What is vertical branding? What is horizontal branding?
A vertical branding strategy strives for better products, while horizontal branding strategy pushes for different.
Executive Summary | Abstract | TL;DR
Vertical branding is when a company differentiates itself as “better” on an objective scale like miles-per-gallon, megapixels, etc. For example, Hyundai chose a vertical brand strategy for its IONIQ hybrid car touting it as “the most fuel-efficient car in America” with it’s 58 combined mpg.
Horizontal branding is when a company differentiates its product as “different” and subjectively more appealing to some people. For example, MINI plays up it’s fun and quirky perception to appeal to stylish people.
These strategies are not mutually exclusive. Most companies start with a vertical brand strategy and move to a horizontal brand strategy when the marketplace is established.
3 minute read | 650 words.
Vertical Branding Strategy
Vertical differentiation or a vertical branding strategy is when a brand differentiates its product as “better.”
A company with a vertical brand strategy utilizes a technology, material, structure or process that makes the product better in some objective measurement. These objective measurements include horsepower, gigahertz, miles per gallon, etc.
For example, Nikon’s D4S features a sensor capable of 100 to 25 600 ISO. A camera’s sensitivity, or ISO, is an objective measure of performance in low light, regardless of other subjective features of the camera, like position and feel of the buttons.
- Simple sales proposition
- Free promotion in media
- Halo effect to other products in the brand’s portfolio
- Hard to maintain
- Never a permanent strategy
- May be a measure your potential customers are not concerned over
- Hyundai IONIQ having better fuel economy than all other hybrids
- Samsung making a 2.5in Solid State Drive with 30 TB of storage
- Verizon FIOS offering 950 Mbps internet download speed
Horizontal Branding Strategy
Horizontal differentiation or a horizontal branding strategy is where a brand differentiates its product as “different.”

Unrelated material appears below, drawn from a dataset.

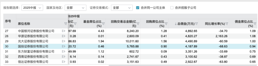 而到了2024年,国投证券分仓佣金收入仅1.96亿元,同比下降43.74%,行业排名第23位;2025年上半年分仓佣金收入0.42亿元,同比下滑68.63%,行业排名第30位。
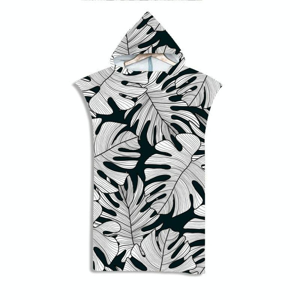 Adult Hooded Bath Towel Fine Fiber Beach Quick Dry Bathrobe, Size: 110x75cm(Black Leaf)

I company with a horizontal brand strategy uses design, engineering, or associations to make their product more appealing to the needs of certain types of people. There is no objective way to rank their product; some people will like them, others will not.
For example, GoPro made a rugged camera. Ruggedness is a subjective measure; it depends on the person whether they would define a rugged camera as a better camera. An action sports enthusiast will appreciate a tough GoPro, while a portrait photographer wouldn’t.
- Customer loyalty
- Market less sensitive to price
- Defensible position
- Requires media spending
- Subject to ups and downs of the category
- Innovation can whipe out your position
- Consumer tastes change
- Demographics will force you to change.
- Beats headphones having a bass-rich sound
- MINI making a quirky and fun small car
- Basically everything in the fashion industry
I visualize it as cartesian access (see below). The vertical access, i.e. the y-axis, is the quality of the product which is generally the same as the cost. The horizontal axis, i.e. the x-axis, is for taste or preference. Some people may like something on one side, and other people may like something from the other side.
Not mutually exclusive
Vertical branding and horizontal branding are not mutually exclusive. Many products have high-performance measures that they promote, but also subjective aspects that they also mention.
Historically, most brands have followed an upside down “L” pattern. A startup company makes a product with better technology and shouts that advantage from the rooftops. When they are established in the marketplace, and their competitors have caught up, they pivot to a horizontal brand strategy and make themselves different while still trying to be better.
For example, early Apple came out with the first color personal computer, but they quickly moved into a strategy of appealing specifically to creative professionals.
Another example is Samsung Galaxy. For the first decade of the smartphone revolution, Samsung was out front in objective measures like processor speed, screen resolution, and camera sensor resolution. That was a grand marketing strategy when a faster phone translated into a better experience, but now the technology has slowed down, and any improvement in speed is just icing on an already tasty cake. They have now pivoted to court the video content creators, social media influencers, and in turn millennials.